For text datasets, use JSONL:

```json
{"text": "hello world", "label": 0}
{"text": "another sample", "label": 1}
```

The generated `manifest.json` describes local shards. After upload, `manifest.uploaded.json` should include Shelby `blob_name` values for each shard.

## Reconstructing From A Sent Manifest

Use the app’s **Reconstruct** page.

1. Upload `manifest.uploaded.json`.
2. Enter the Shelby owner account if the manifest does not include it.
3. Click **Reconstruct data**.
4. ShelbyTrain downloads the shards from Shelby and returns the reconstructed file.

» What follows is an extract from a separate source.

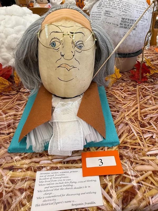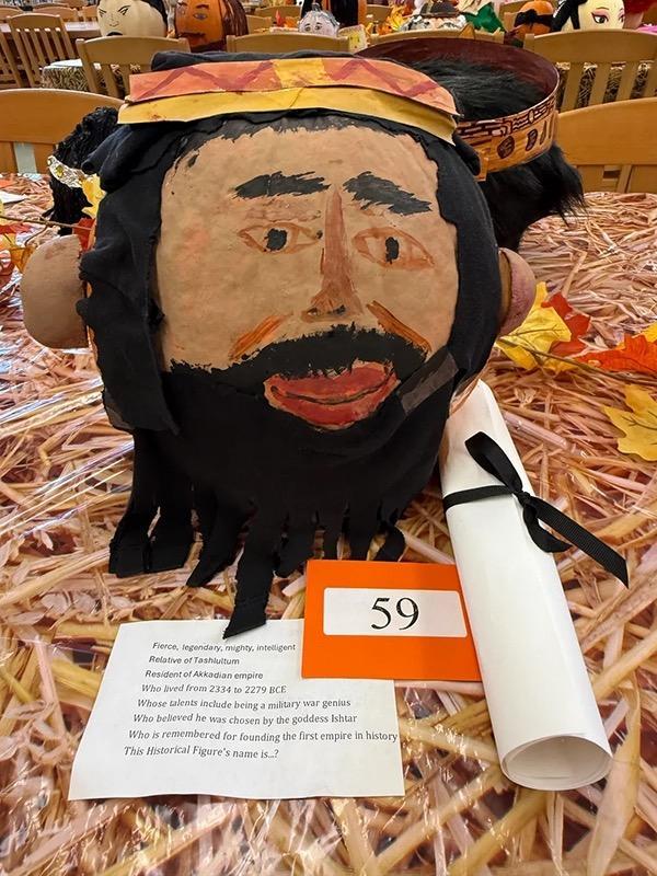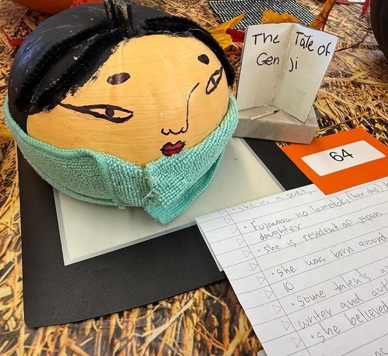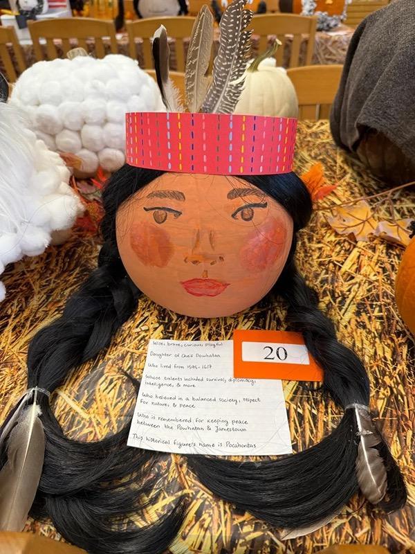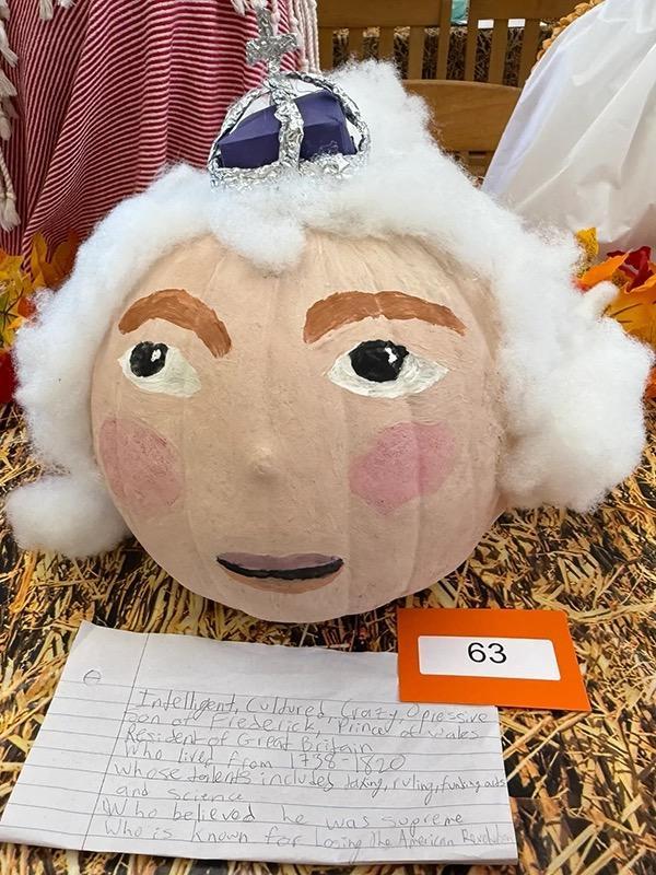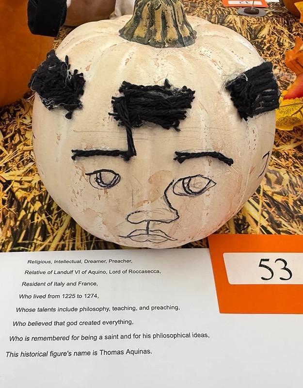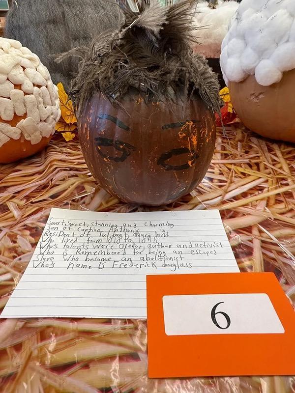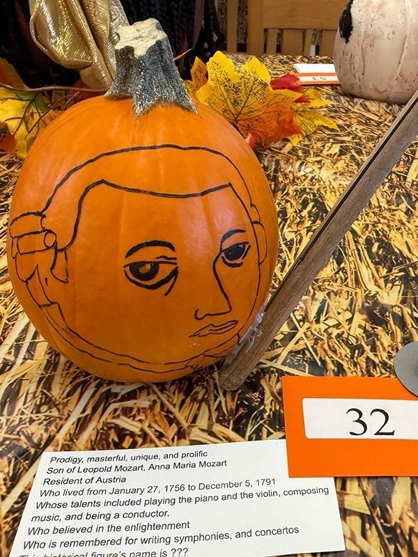Students bring in a pumpkin that has been decorated to resemble or represent a historical figure such as George Washington or Confucius.

Current reconstruct outputs:

| Manifest format | Downloaded output |
| --- | --- |
| `text-jsonl` | `.txt` |
| `image-tar` | `.tar.gz` |
| `parquet` | `.parquet` |

## Project Status

ShelbyTrain is an experimental dataset pipeline. The current focus is proving a practical decentralized workflow for AI data:

- user-owned upload,
- portable manifests,
- PyTorch loading,
- caching,
- benchmarking,
- and reconstruction.

Future improvements could include original-file preservation for PDFs/DOCX, richer label editing, manifest signing, public dataset pages, and a smoother manifest-first PyTorch API.